Excerpted data:
──────
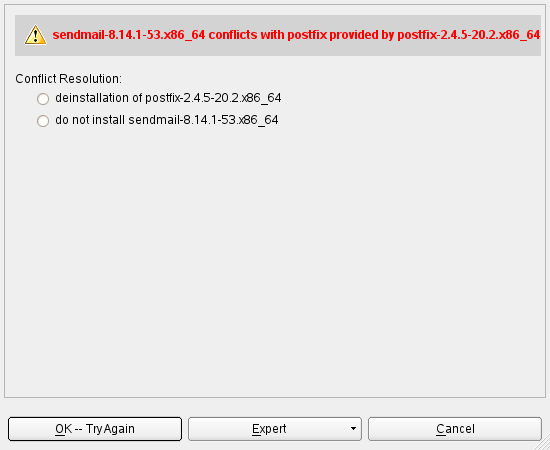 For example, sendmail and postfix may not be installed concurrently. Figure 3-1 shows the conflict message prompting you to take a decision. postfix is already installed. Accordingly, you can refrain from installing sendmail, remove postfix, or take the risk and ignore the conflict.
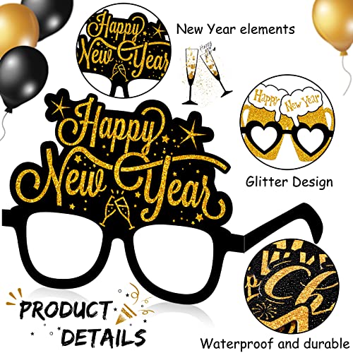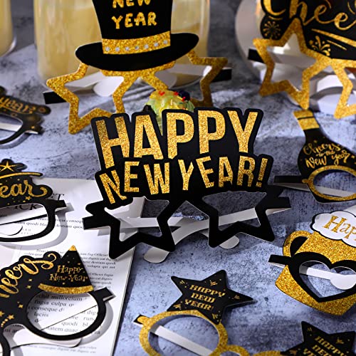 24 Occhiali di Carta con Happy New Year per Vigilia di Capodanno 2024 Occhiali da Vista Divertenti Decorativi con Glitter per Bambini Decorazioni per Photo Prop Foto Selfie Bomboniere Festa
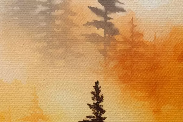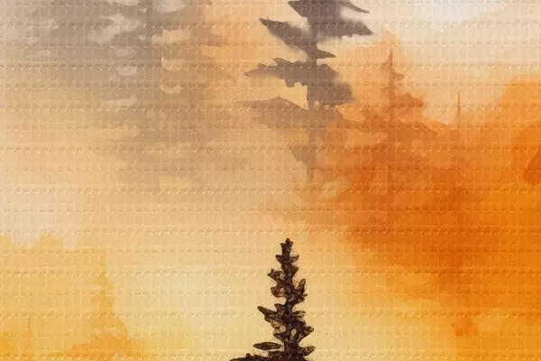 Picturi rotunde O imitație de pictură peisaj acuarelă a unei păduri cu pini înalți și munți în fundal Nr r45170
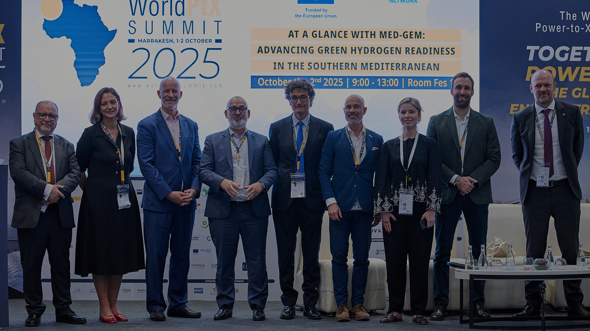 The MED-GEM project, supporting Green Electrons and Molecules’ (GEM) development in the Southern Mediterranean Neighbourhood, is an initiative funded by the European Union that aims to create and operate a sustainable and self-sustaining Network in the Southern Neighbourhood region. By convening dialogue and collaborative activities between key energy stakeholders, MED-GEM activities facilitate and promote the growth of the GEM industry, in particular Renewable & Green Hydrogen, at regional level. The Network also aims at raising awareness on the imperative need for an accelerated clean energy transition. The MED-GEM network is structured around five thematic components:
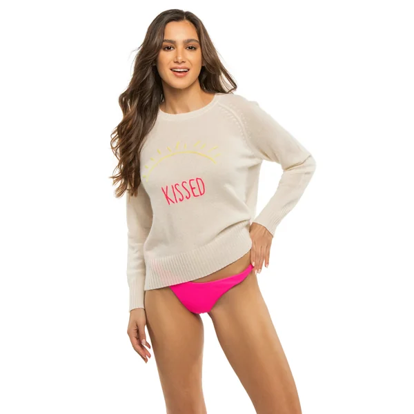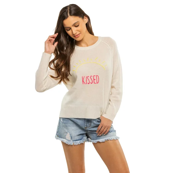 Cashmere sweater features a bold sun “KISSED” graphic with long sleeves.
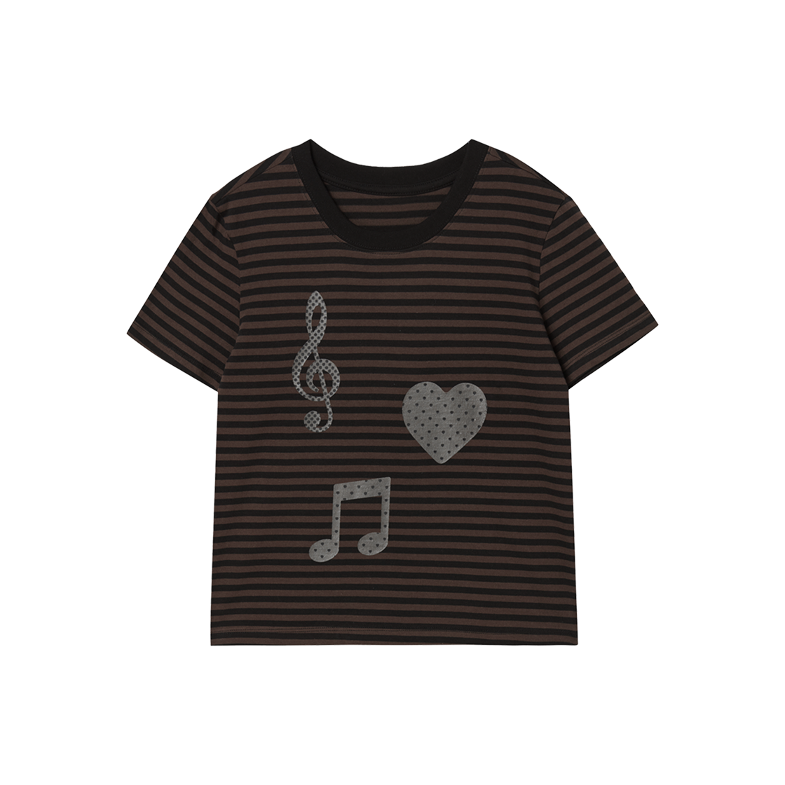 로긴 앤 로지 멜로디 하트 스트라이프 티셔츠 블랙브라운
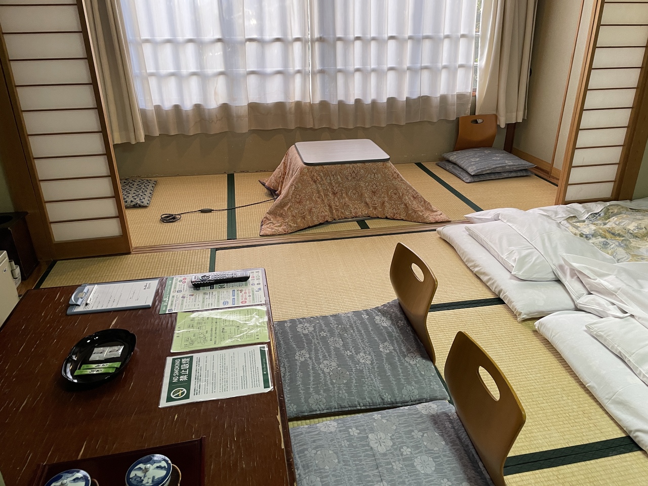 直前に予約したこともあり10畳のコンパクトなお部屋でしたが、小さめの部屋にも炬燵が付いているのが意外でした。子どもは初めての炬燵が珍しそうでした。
──────
Exercise description: Give back the entire listing verbatim, without the pictures.

Exercise output:
 For example, sendmail and postfix may not be installed concurrently. Figure 3-1 shows the conflict message prompting you to take a decision. postfix is already installed. Accordingly, you can refrain from installing sendmail, remove postfix, or take the risk and ignore the conflict.
 24 Occhiali di Carta con Happy New Year per Vigilia di Capodanno 2024 Occhiali da Vista Divertenti Decorativi con Glitter per Bambini Decorazioni per Photo Prop Foto Selfie Bomboniere Festa
 Picturi rotunde O imitație de pictură peisaj acuarelă a unei păduri cu pini înalți și munți în fundal Nr r45170
 The MED-GEM project, supporting Green Electrons and Molecules’ (GEM) development in the Southern Mediterranean Neighbourhood, is an initiative funded by the European Union that aims to create and operate a sustainable and self-sustaining Network in the Southern Neighbourhood region. By convening dialogue and collaborative activities between key energy stakeholders, MED-GEM activities facilitate and promote the growth of the GEM industry, in particular Renewable & Green Hydrogen, at regional level. The Network also aims at raising awareness on the imperative need for an accelerated clean energy transition. The MED-GEM network is structured around five thematic components:
 Cashmere sweater features a bold sun “KISSED” graphic with long sleeves.
 로긴 앤 로지 멜로디 하트 스트라이프 티셔츠 블랙브라운
 直前に予約したこともあり10畳のコンパクトなお部屋でしたが、小さめの部屋にも炬燵が付いているのが意外でした。子どもは初めての炬燵が珍しそうでした。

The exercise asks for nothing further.